Oklahoma’s story is a bit different. In 1930, just before the devastation of the Dust Bowl and the Great Depression, Oklahoma’s per capita personal income was $366, which was the 13th worst in America and 33 percent below the national average. By 2010, Oklahoma had risen to $35,396. Though still 11 percent below the national average, Oklahoma is quickly closing the gap. From 2000 to 2010, the percentage change in Oklahoma’s per capita personal income was 43.9 percent—the 12th best in the United States.

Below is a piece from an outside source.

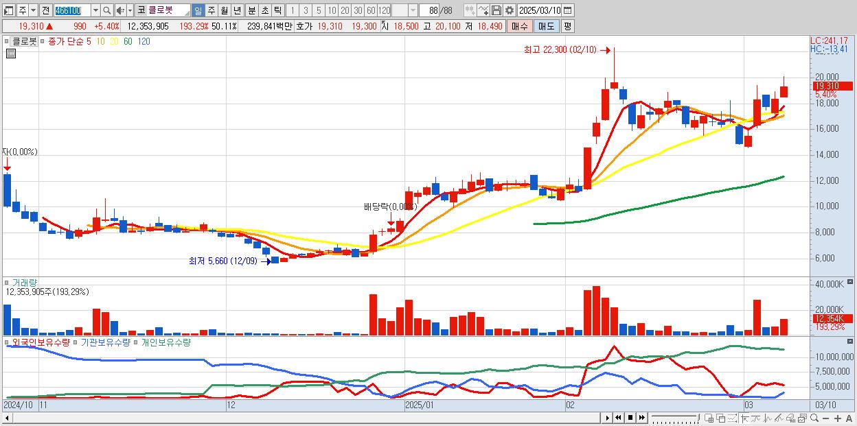 - 클로봇 (19,310원 ▲ 5.4% , 시총: 4,760억, 거래량: 12,353,905, 거래대금:2,398억)

Another key point I make in the book about Ohio is the abysmal job growth over the last 22 years. From 1990 to May 2012, Ohio’s private sector added just 245,600 jobs. Ohio hit a private-sector peak in March 2000 when it had 4.85 million jobs. As a percentage of population, 42.6 percent of Ohioans in 2000 worked in the private sector. By 2010, only 36.6 percent did. Based on historical job growth, Ohio’s private sector won’t get back to that 42.6 percent figure until roughly November 2021; meaning, a child born during the peak month will be nearly done with college by the time Ohio fully recovers.

For Oklahoma, in 2000, 34.0 percent of Oklahomans worked in the private sector. A decade later, the figure had fallen to 31.4 percent. Today, Oklahoma’s private sector has more private-sector jobs than it did in 2000. It also has almost 350,000 more people living in the state. To fully recover as a percentage of population, Oklahoma will need to hit 1,289,113 private-sector jobs. From 2000 to 2010, Oklahoma’s private sector grew by 6.1 percent; from 2010 to today, it has grown by 5.9 percent. If this growth pattern continues, Oklahoma will fully recover sometime in the next year.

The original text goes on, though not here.